What Is the Difference Between Refinancing & Debt Consolidation?
- When refinancing a loan, the person changes the terms of the loan. Many people choose to refinance in order to lock in lower interest rates and may choose a shorter term or smaller payments. The refinance will pay off the original loan completely and you will receive a new payment schedule and payment amount. The advantage of refinancing is the potential to save money on interest and by shortening the term of the loan. If you extend the loan, you may pay more in interest, since you will be paying on the loan for a longer period of time. Many people will refinance their home when they find a better interest rate.
- Debt consolidation is when you take out a loan to pay off several loans and consolidate the monthly loans into one payment. Some people will do this by taking out a second mortgage on their home and cash out the equity they have built up. This will tie the debt to their house and put it at risk if they were to default on the loan. Another option is take out a signature loan, or unsecured loan, to consolidate the debt. Although the interest rate may be slightly higher, it does reduce the risk of losing your home.
- Often when people choose to refinance their first mortgage because of good rates, they will take a larger amount then what they still owe and use it to pay off other debts. This makes it possible to consolidate and refinance at the same time. The biggest disadvantage of this is that you are moving unsecured debt, such as credit cards, to secured debt. This means you are guaranteeing you will pay it off with your home. If you lost your job or were unable to work and couldn't pay the entire amount, you could lose your home. However, if your mortgage is separate from your other debts, you can choose not to pay the other debts in order to keep your home.

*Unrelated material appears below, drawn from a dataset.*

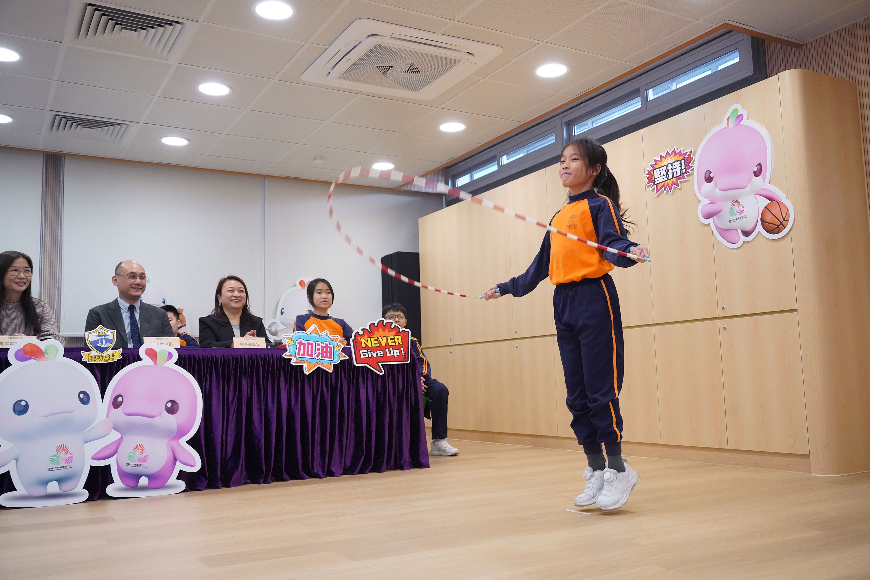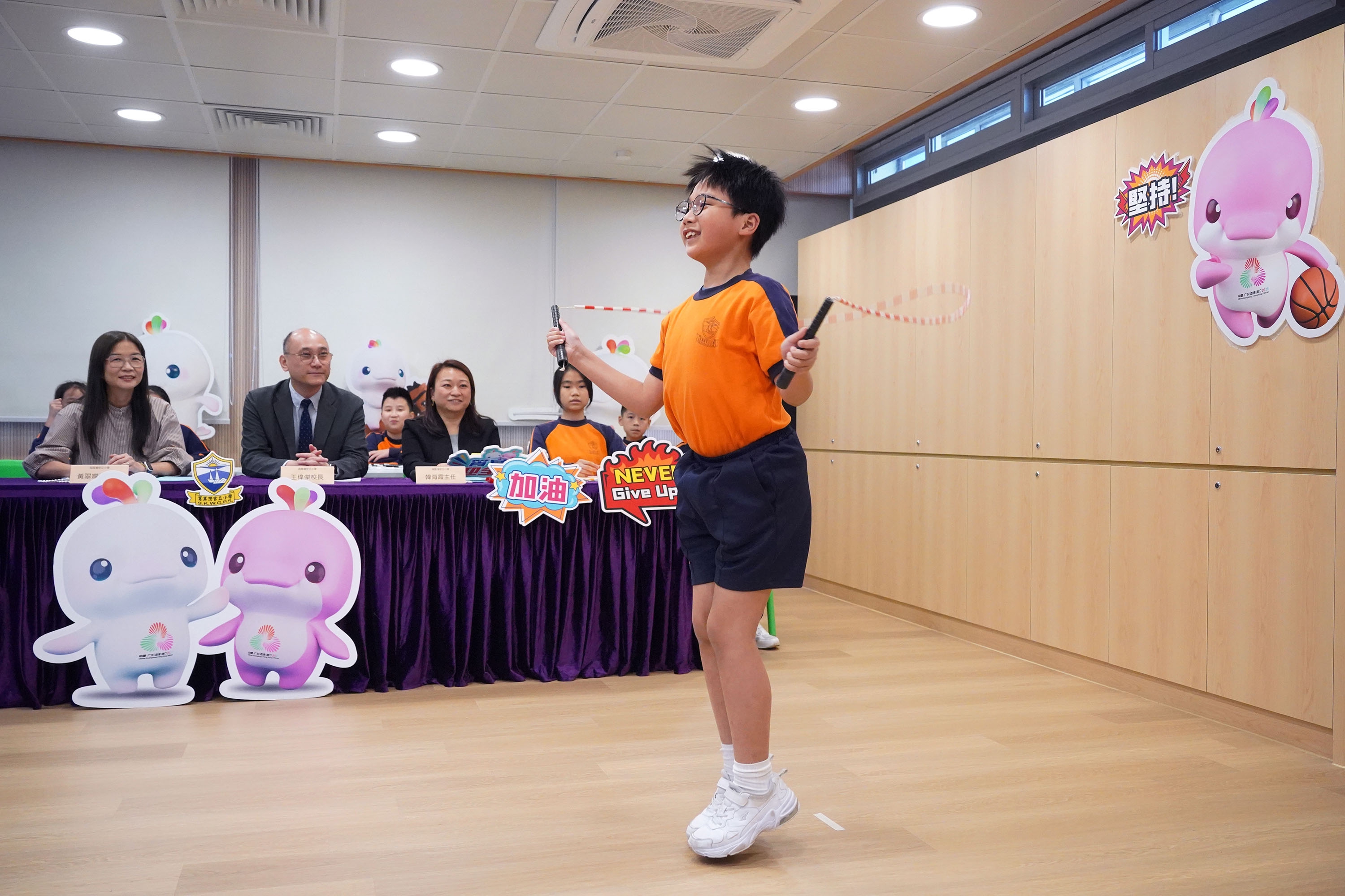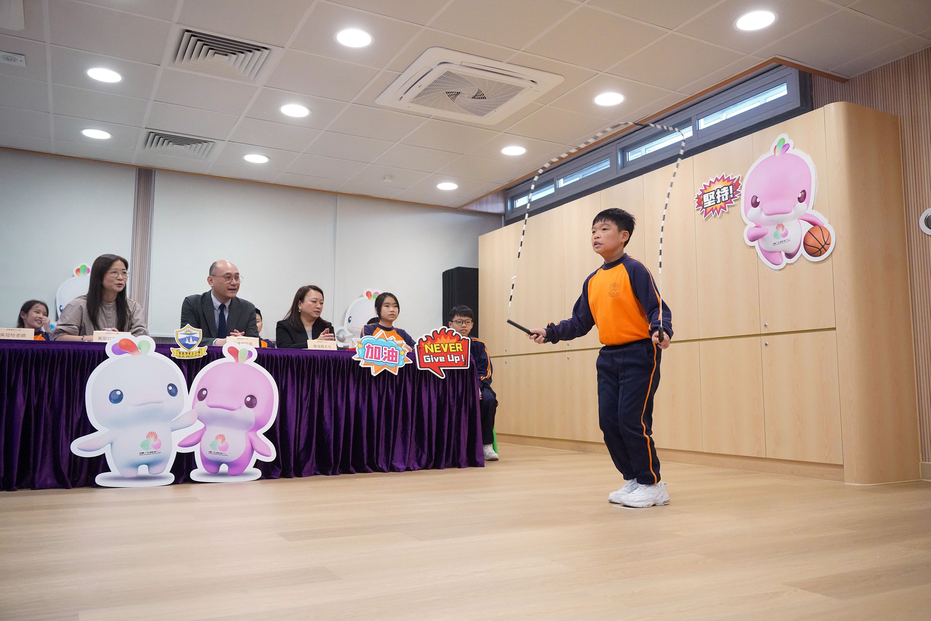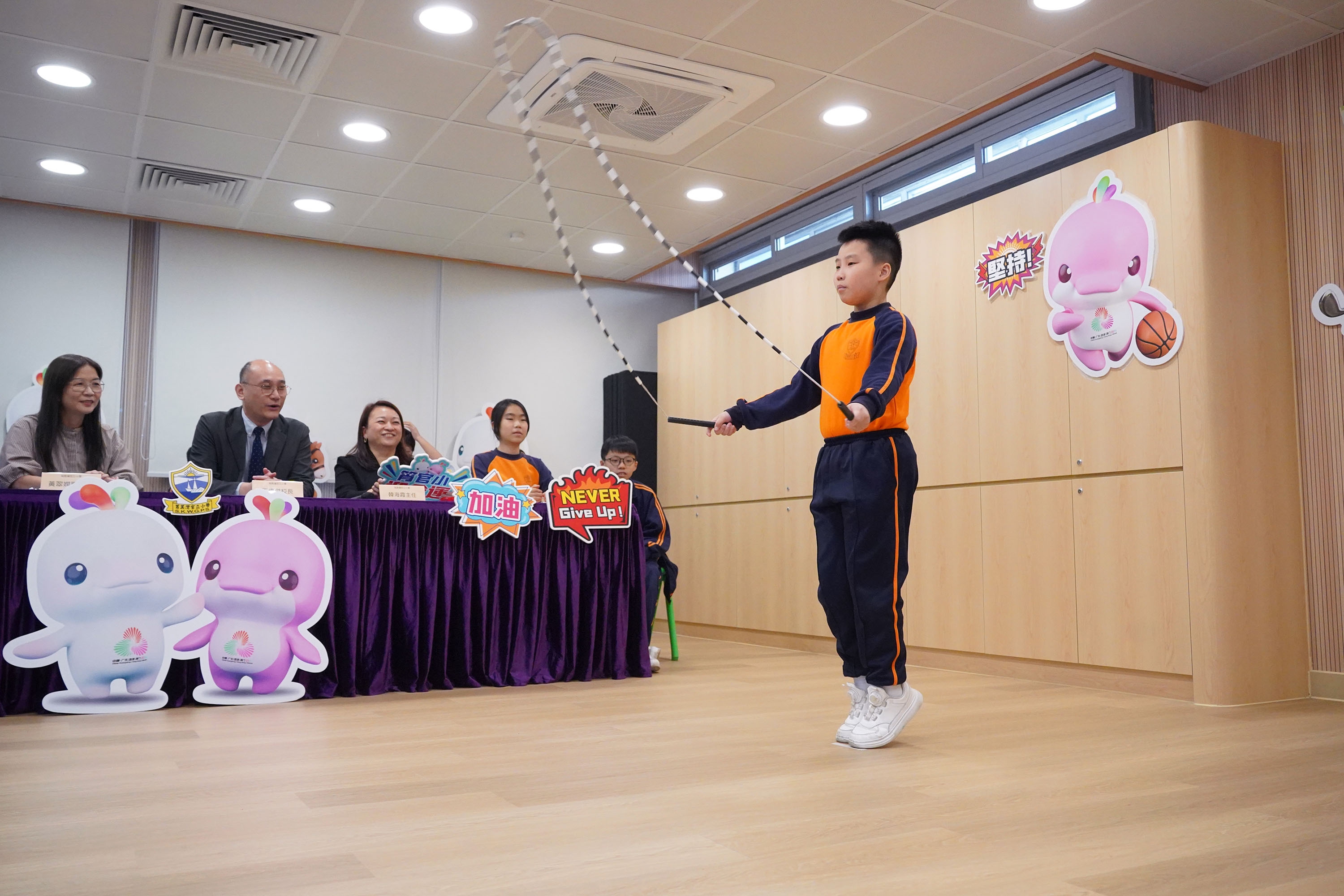 最後,迎來了學生們最期待的環節—「兩地線上跳繩友誼賽」。參賽學生們全力以赴,展現了出色的運動精神;而觀賽的同學們也情緒高漲,為選手們熱情加油,現場氣氛熱烈融洽。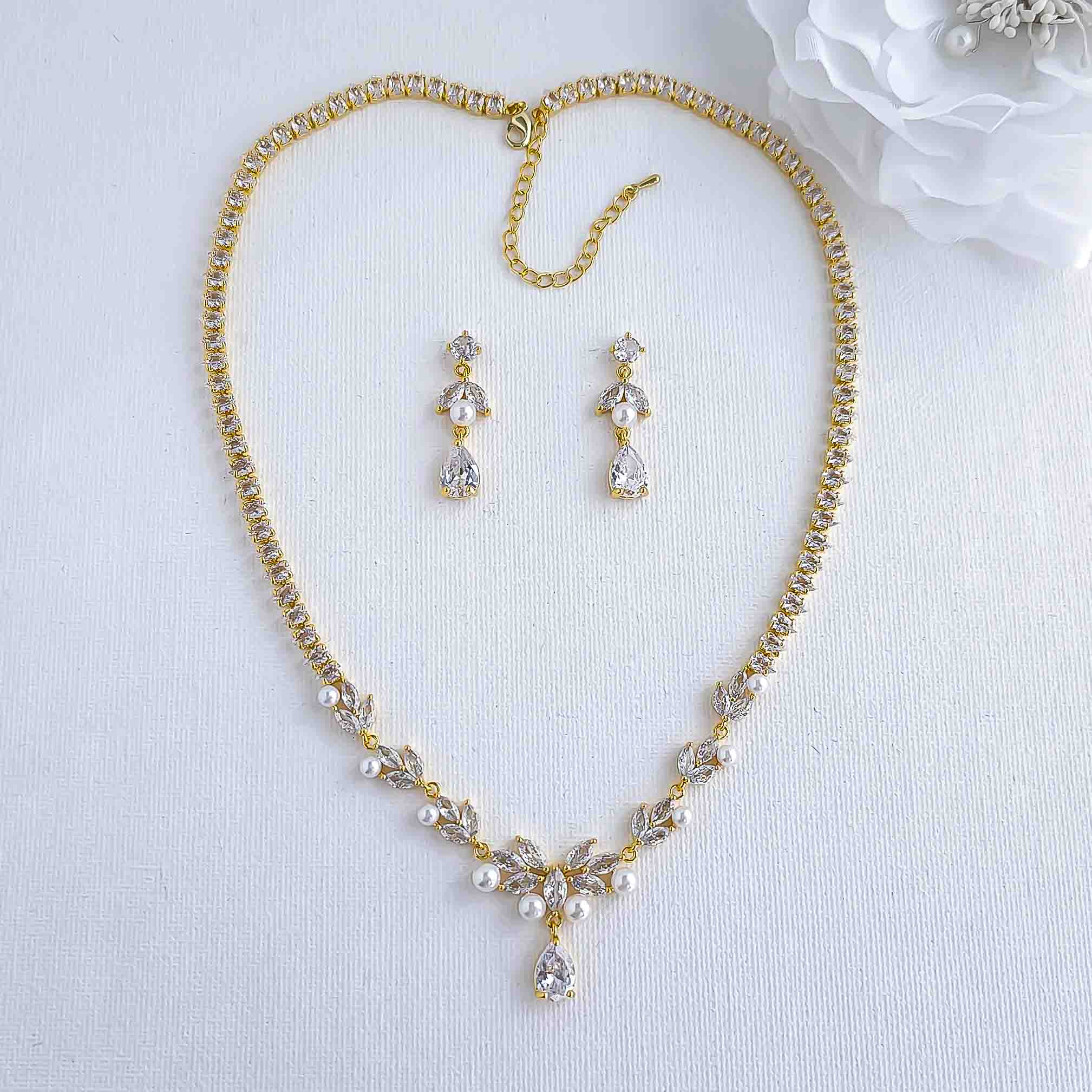 If you are looking for some classic elegance and sparkle jewelry set for your wedding day, these are beautiful bridal pearl necklaces set in gold for you to consider. The necklace set comes with matching earrings, and we have a good collection of bracelets if you like to add to your wedding jewelry set.

- Refinancing your home to a lower fixed interest rate can save you money on your mortgage. It also can help you pay off your home more quickly. Consolidation can make it easier to manage your monthly payments and lock in a set interest rate, which is usually lower than your credit cards. If you are considering doing both, try to keep the consolidation separate from your home. Avoid doing a consolidation that will tie the debt to your home, since it can put your home at risk.